• [Raw data]:
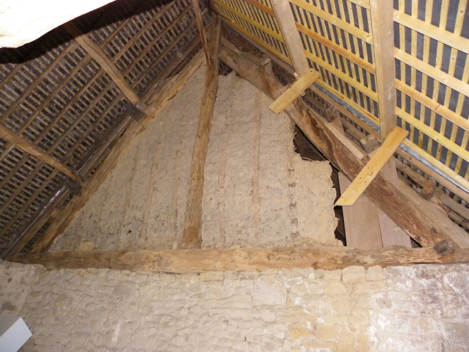 Cloison haute en pan de bois dans les combles.Immatriculation
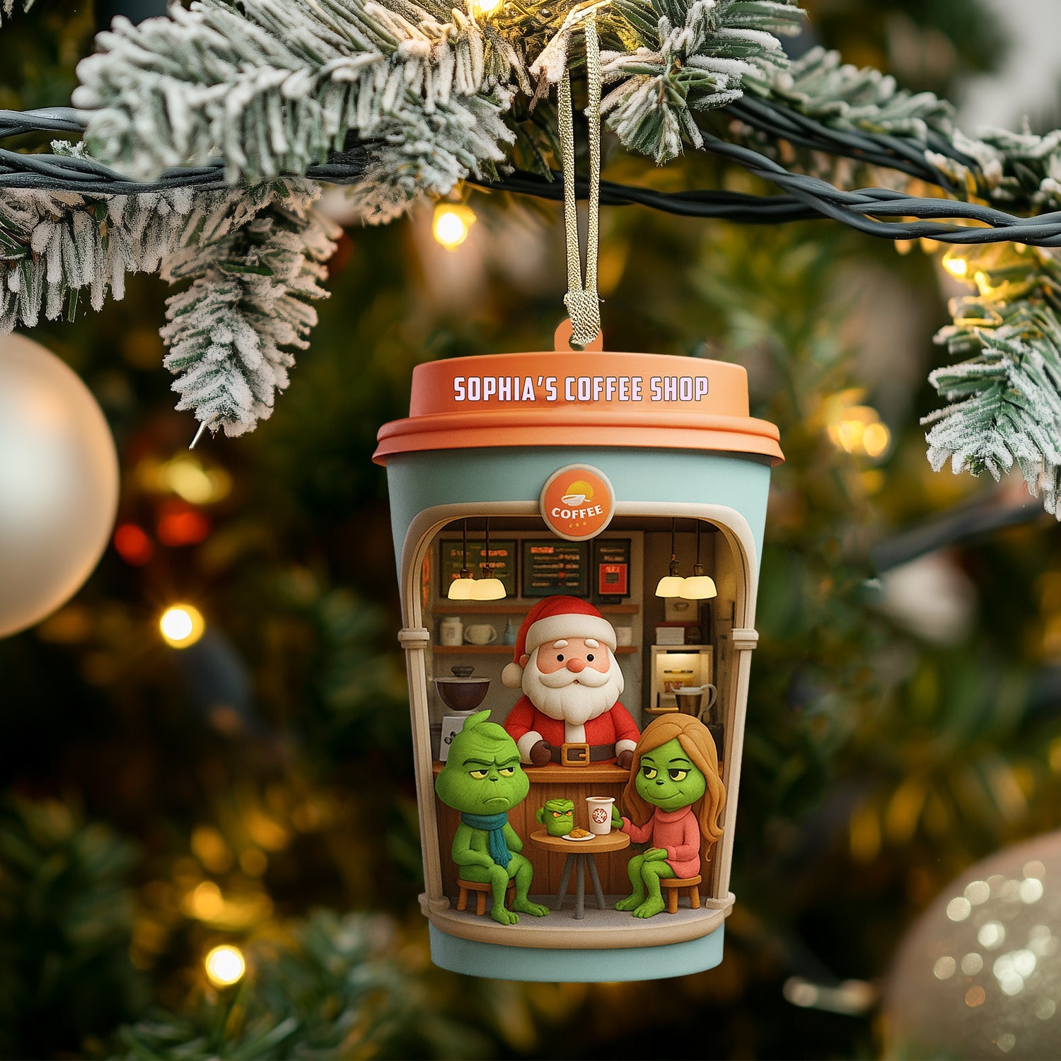 Christmas Coffee Shop, Home Decor, Christmas Ornament, Personalized Ornament
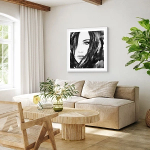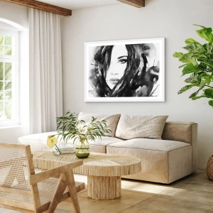 Affiche dans un cadre blanc - Poster - Portrait d'une dame en noir et blanc - 70x50 cm
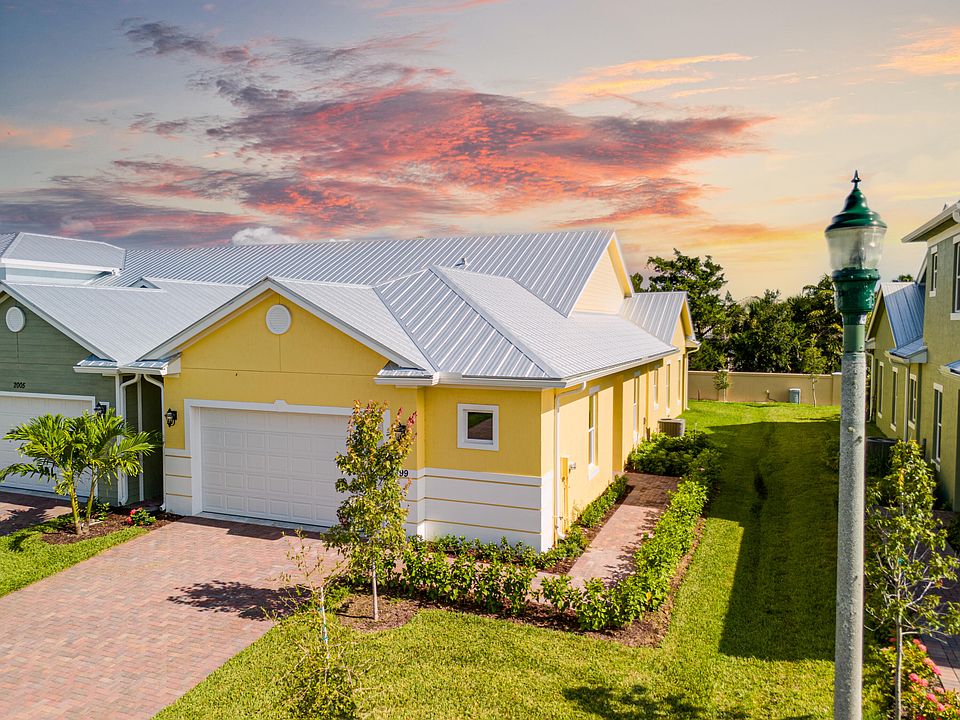 Experience easy living in Bridgepointe, one of Vero Beach's most desirable gated communities. This 2-bedroom + study, 2.5-bath townhome features an open layout with quartz countertops, soft-close cabinetry, impact glass, and an oversized 2-car garage. A stained wood ceiling in the gathering room adds warmth and character. With other units available, there's a fit for every Buyer. Enjoy resort-style amenities including a pool, tennis, fitness center, and clubhouse, all just minutes from beaches, dining, shopping, and the airport. Ask about our preferred lenders ''No Closing Cost'' program! OPEN HOUSE Tue/W/F/Sat 10-5p

• [About this exercise]: Skip the pictures; extract only the lines from the line with "Christmas Coffee Shop, Home" through the final line of the material, exactly as they appear.

• [Answer]:
 Christmas Coffee Shop, Home Decor, Christmas Ornament, Personalized Ornament
 Affiche dans un cadre blanc - Poster - Portrait d'une dame en noir et blanc - 70x50 cm
 Experience easy living in Bridgepointe, one of Vero Beach's most desirable gated communities. This 2-bedroom + study, 2.5-bath townhome features an open layout with quartz countertops, soft-close cabinetry, impact glass, and an oversized 2-car garage. A stained wood ceiling in the gathering room adds warmth and character. With other units available, there's a fit for every Buyer. Enjoy resort-style amenities including a pool, tennis, fitness center, and clubhouse, all just minutes from beaches, dining, shopping, and the airport. Ask about our preferred lenders ''No Closing Cost'' program! OPEN HOUSE Tue/W/F/Sat 10-5p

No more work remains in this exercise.